Stress thresholds of mature European beech trees

This data set contains the data presented in the figures 1-6 in Walthert et al. (2020): From the comfort zone to crown dieback: sequence of physiological stress thresholds in mature European beech trees across progressive drought. Science of the Total Environment. DOI: 10.1016/j.scitotenv.2020.141792. A detailed methodical description of the data can be found in the Material and Methods section of the paper. Drought responses of mature trees are still poorly understood making it difficult to predict species distributions under a warmer climate. Using mature European beech (Fagus sylvatica L.), a widespread and economically important tree species in Europe, we aimed at developing an empirical stress-level scheme to describe its physiological response to drought. We analysed effects of decreasing soil and leaf water potential on soil water uptake, stem radius, native embolism, early defoliation and crown dieback with comprehensive measurements from overall nine hydrologically distinct beech stands across Switzerland, including records from the exceptional 2018 drought and the 2019/2020 post-drought period. Based on the observed responses to decreasing water potential we derived the following five stress levels: I (predawn leaf water potential --0.4 MPa): no detectable hydraulic limitations; II (-0.4 to -1.3): persistent stem shrinkage begins and growth ceases; III (-1.3 to -2.1): onset of native embolism and defoliation; IV (-2.1 to -2.8): onset of crown dieback; V (--2.8): transpiration ceases and crown dieback is -20%. Our scheme provides, for the first time, quantitative thresholds regarding the physiological downregulation of mature European beech trees under drought and therefore synthesises relevant and fundamental information for process-based species distribution models. Moreover, our study revealed that European beech is drought vulnerable, because it still transpires considerably at high levels of embolism and because defoliation occurs rather as a result of embolism than preventing embolism. During the 2018 drought, an exposure to the stress levels III-V of only one month was long enough to trigger substantial crown dieback in beech trees on shallow soils. On deep soils with a high water holding capacity, in contrast, water reserves in deep soil layers prevented drought stress in beech trees. This emphasises the importance to include local data on soil water availability when predicting the future distribution of European beech.

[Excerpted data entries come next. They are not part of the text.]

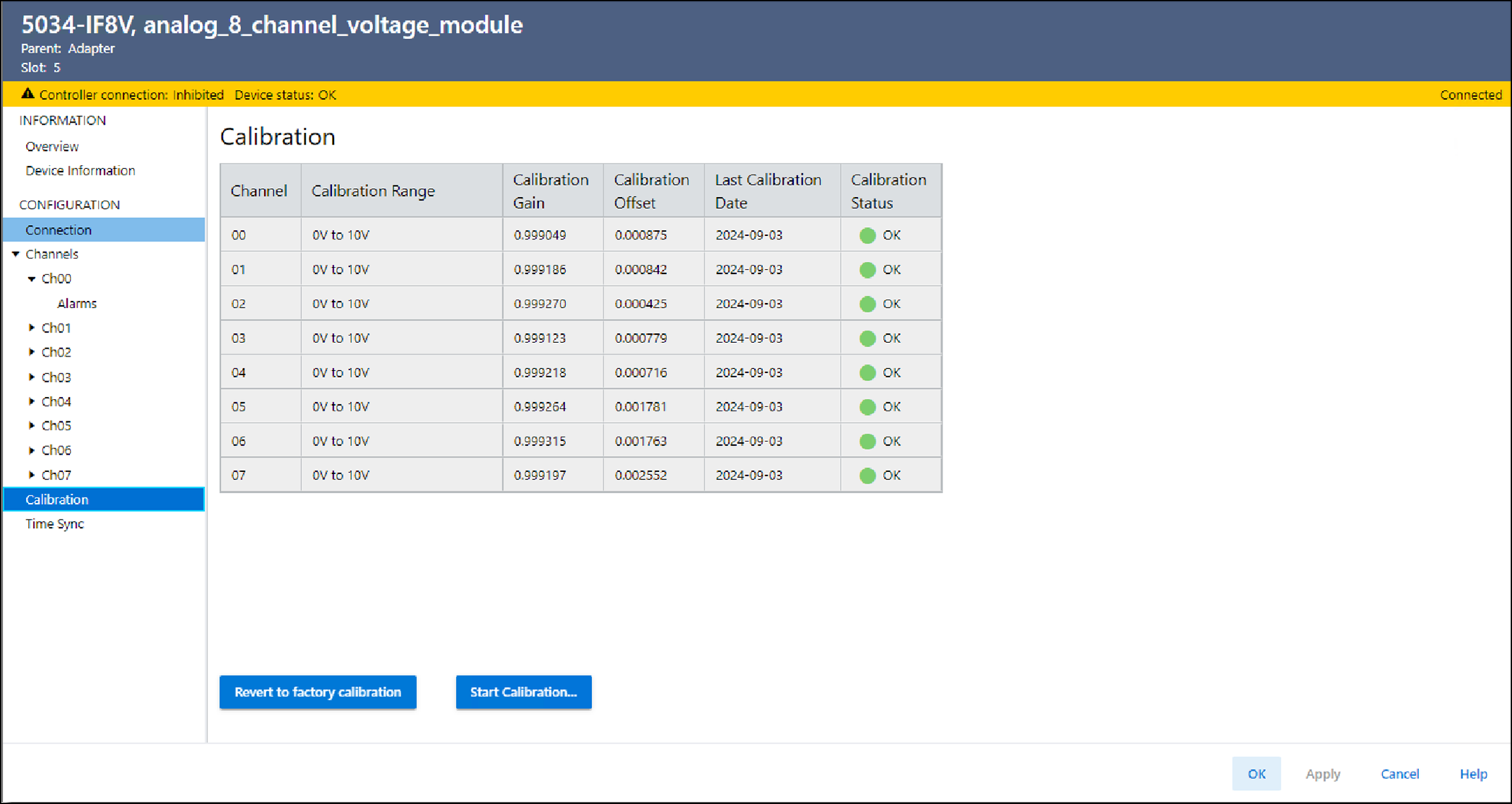 Calibration 视图提供了模块上所有通道的校准信息。 您可以在该视图上对所有通道执行以下操作: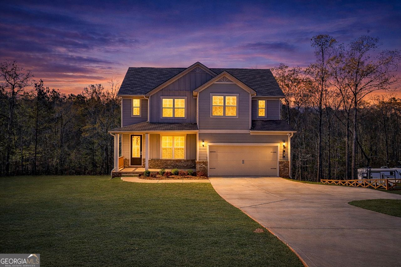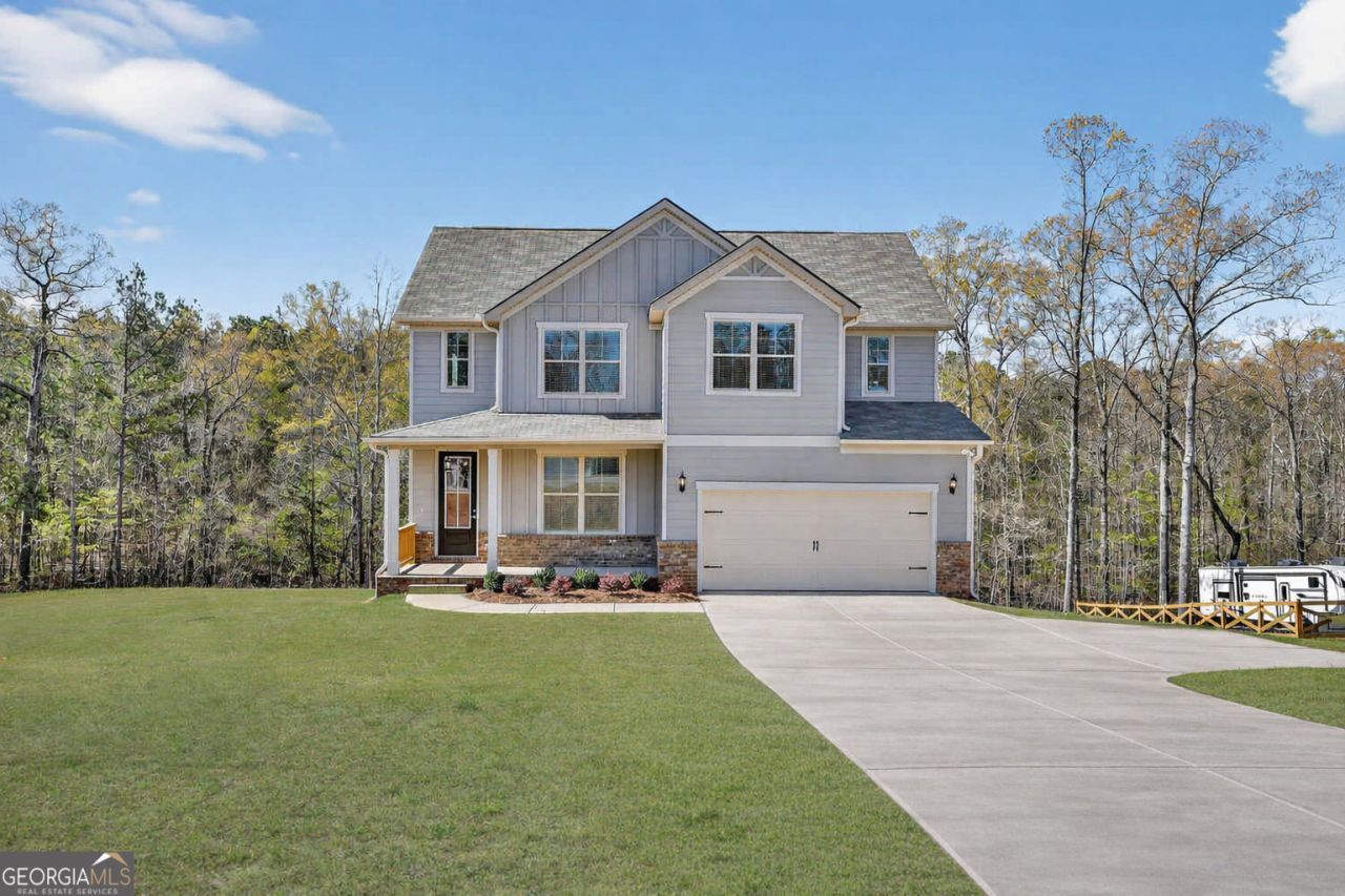 Peachwood C2 #55 - WOW!! For a LIMITED TIME - Up to $30K in FLEX CASH w/Pref. Lender. Discover 58 Cooper Dr - this stunning 2-Story Craftsman-style new construction home comes with a full unfinished basement features 4BR/2.5BA on approx. 1.32 acre homesite. This home welcomes you with a rocking chairs front porch, ideal for Georgia mornings. Inside, you'll find an open-concept living space designed for modern lifestyles. The gourmet kitchen features 42 cabinetry, granite countertops, tile backsplash, stainless steel appliances, a large entertaining island, and a double door pantry. The dining area flows seamlessly into the family room with a cozy fireplace and access to the rear deck. The main floor also showcase the Primary Suite, Flex Room and a convenient Powder room. Upstairs features an Open Loft area, three secondary bedrooms and bath with double sinks. Enjoy small-town living with easy access to big-city amenities. 100% financing, USDA loans and Down Payment Assistance options available, making this home ideal for both first-time homebuyers and those seeking more space. Call TODAY to schedule your private showing and experience the best of Mansfield, GA real estate.
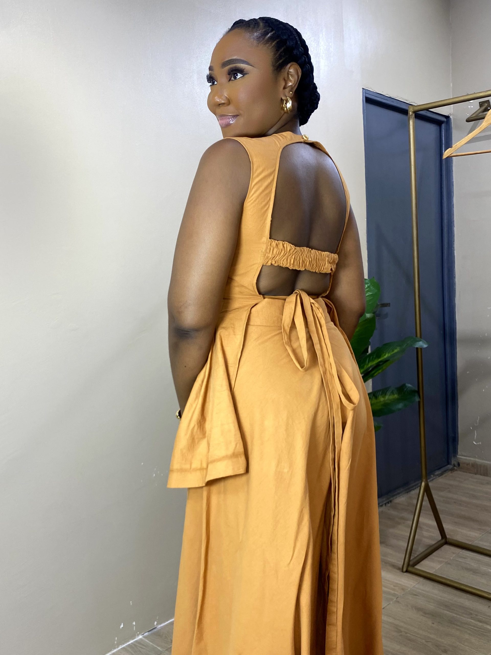 Rodiat is 5’9 and wearing Alafia dress in size 8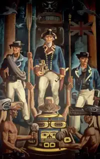 The Canadian National Railway commissioned Captain Vancouver for Hotel Vancouver in 1939. After months of research and planning, Comfort decided to depict a hypothetical encounter between Captain George Vancouver and an unnamed Indian chief at a potlatch ceremony. Comfort researched the clothing of the era and consulted Aboriginal anthropologist Dr. Marius Barbeau and others. The painting was removed in 1969 when the hotel was renovated. The wife of Governor General of Canada Roland Michener discovered the work after it was briefly misplaced and donated it to the University of British Columbia. From this time aboriginal viewers have raised concern over the representation of the First Nations people, as Captain Vancouver physically stands triumphantly over the aboriginal men.[12]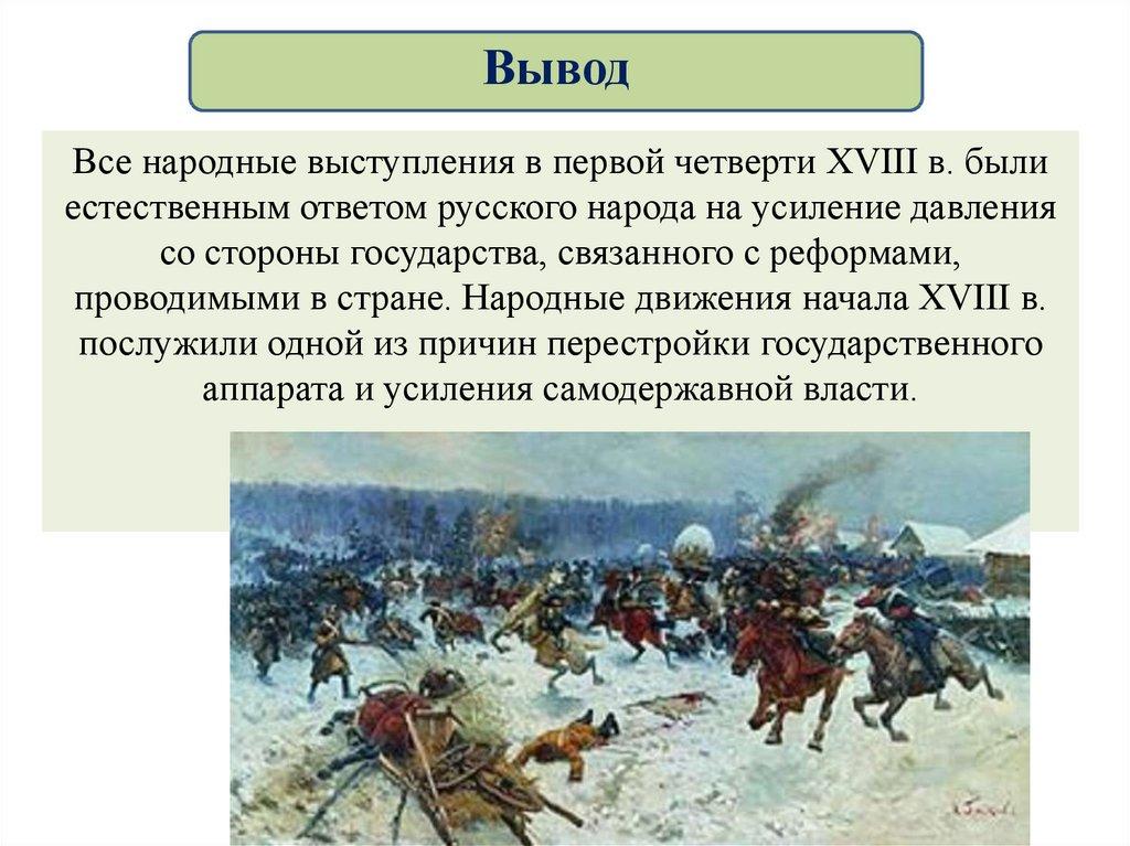 ВыводВсе народные выступления в первой четверти XVIII в. были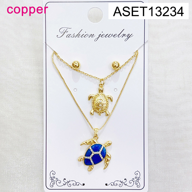 Level B Fashion Jewelry New Trendy Women Jewelry Two Layers Chain Summer beach Animal Turtle Golden SET;Material:copper (cobre)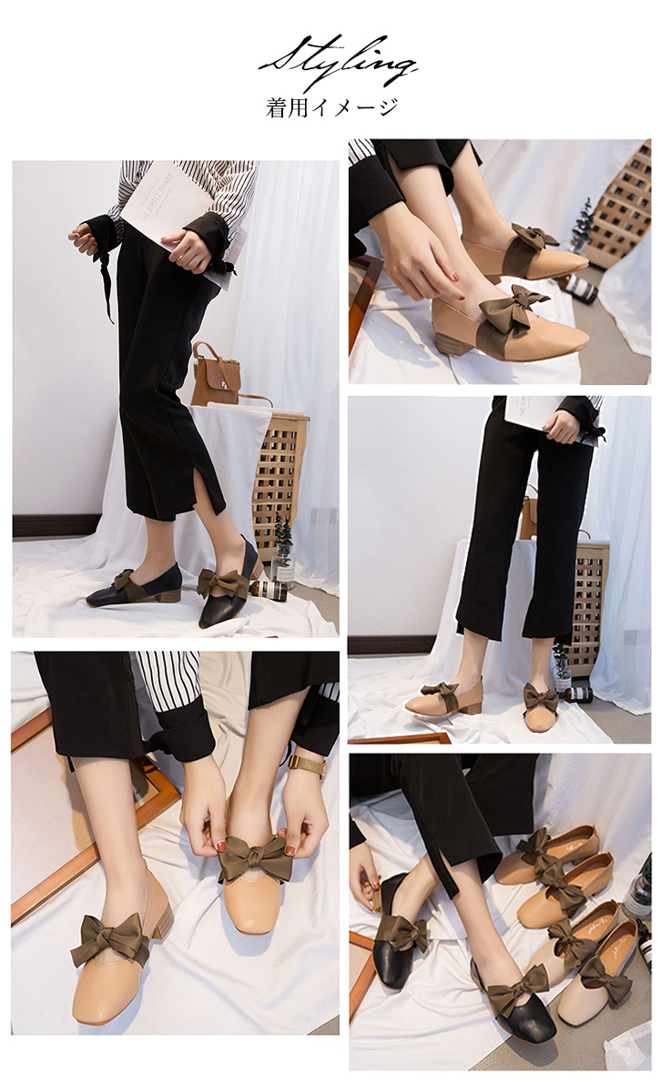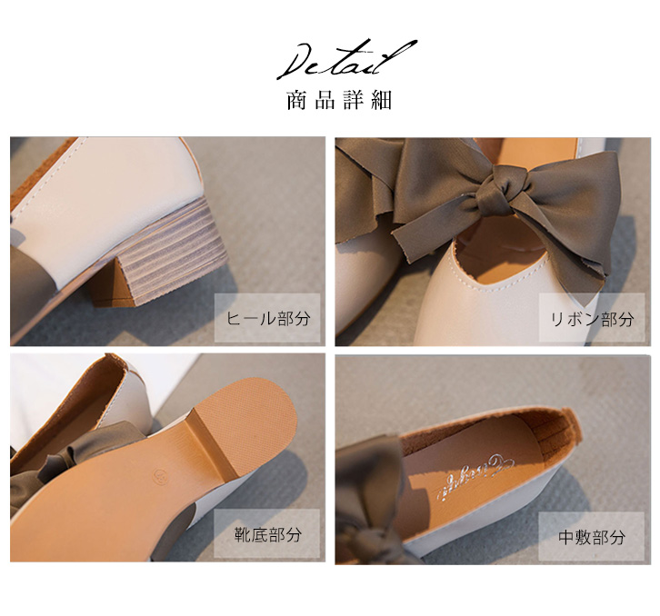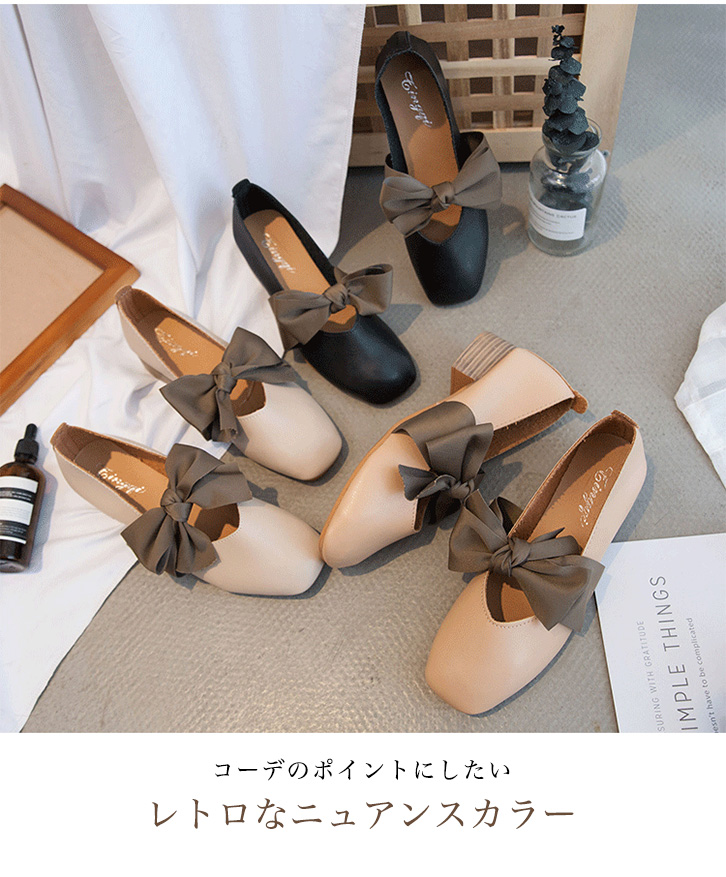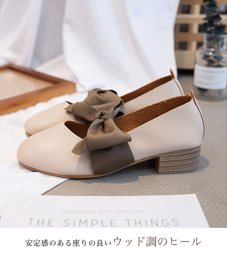 パンプス レディース 靴 シューズ リボンパンプス リボンシューズ ローヒール 女性 上品 大人かわいい おしゃれ かわいい合皮レザー 安定感 ウッド調ヒール レトロ クラシカル キュート 大きめリボン アイボリー ベージュ ブラック ヒール歩きやすい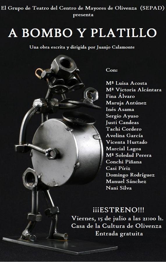 A bombo y platillo es una obra cuyo texto ha sido creado por Calamonte pensando en las personas que lo iban a poner en escena y buscando, pese a su tono de comedia, transmitir un mensaje tan importante como las capacidades, a veces infravaloradas, de los mayores.

本数据集包含Walthert等人2020年发表于《整体环境科学（Science of the Total Environment）》的论文中图1至图6所呈现的相关数据，原论文题为《从舒适区到冠层枯萎：渐进干旱下成熟欧洲山毛榉的生理胁迫阈值序列》，DOI: 10.1016/j.scitotenv.2020.141792。 该数据集的详细方法学说明可参见该论文的“材料与方法”章节。 成熟树木的干旱响应机制目前仍未得到充分阐释，这使得我们难以预测气候变暖背景下的物种分布格局。本研究以欧洲广泛分布且具有重要经济价值的欧洲山毛榉（Fagus sylvatica L.）为研究对象，旨在构建一套经验性胁迫等级体系，以描述其在干旱条件下的生理响应。研究团队对瑞士境内9个水文特征各异的山毛榉林分开展了全面测量，分析了土壤与叶片水势降低对土壤水分吸收、茎干半径、自然栓塞作用（embolism）、早期落叶以及冠层枯萎的影响，测量数据涵盖了2018年极端干旱事件以及2019/2020年干旱后恢复期的观测记录。 基于观测到的水势降低响应，研究推导得到以下5级胁迫等级：I级（黎明前叶片水势（pre-dawn leaf water potential）≤-0.4 MPa）：未检测到水力限制（hydraulic limitation）；II级（-0.4 ~ -1.3 MPa）：茎干持续收缩，生长停止；III级（-1.3 ~ -2.1 MPa）：自然栓塞与落叶开始发生；IV级（-2.1 ~ -2.8 MPa）：冠层枯萎启动；V级（≤-2.8 MPa）：蒸腾作用停止，冠层枯萎程度达20%。本等级体系首次为干旱条件下成熟欧洲山毛榉的生理下调过程提供了定量阈值，从而为基于过程的物种分布模型（process-based species distribution models）整合了关键基础信息。此外，本研究揭示欧洲山毛榉对干旱较为脆弱：其一，其在栓塞程度较高时仍会进行大量蒸腾；其二，落叶更多是栓塞作用的结果，而非预防栓塞的机制。在2018年干旱事件中，仅暴露于III至V级胁迫达1个月，便足以在浅土层山毛榉林中引发显著冠层枯萎。与之相反，在持水能力较强的深土层中，深层土壤的水分储备可避免山毛榉遭受干旱胁迫。这一结果强调，在预测欧洲山毛榉的未来分布时，纳入土壤水分有效性的本地化数据至关重要。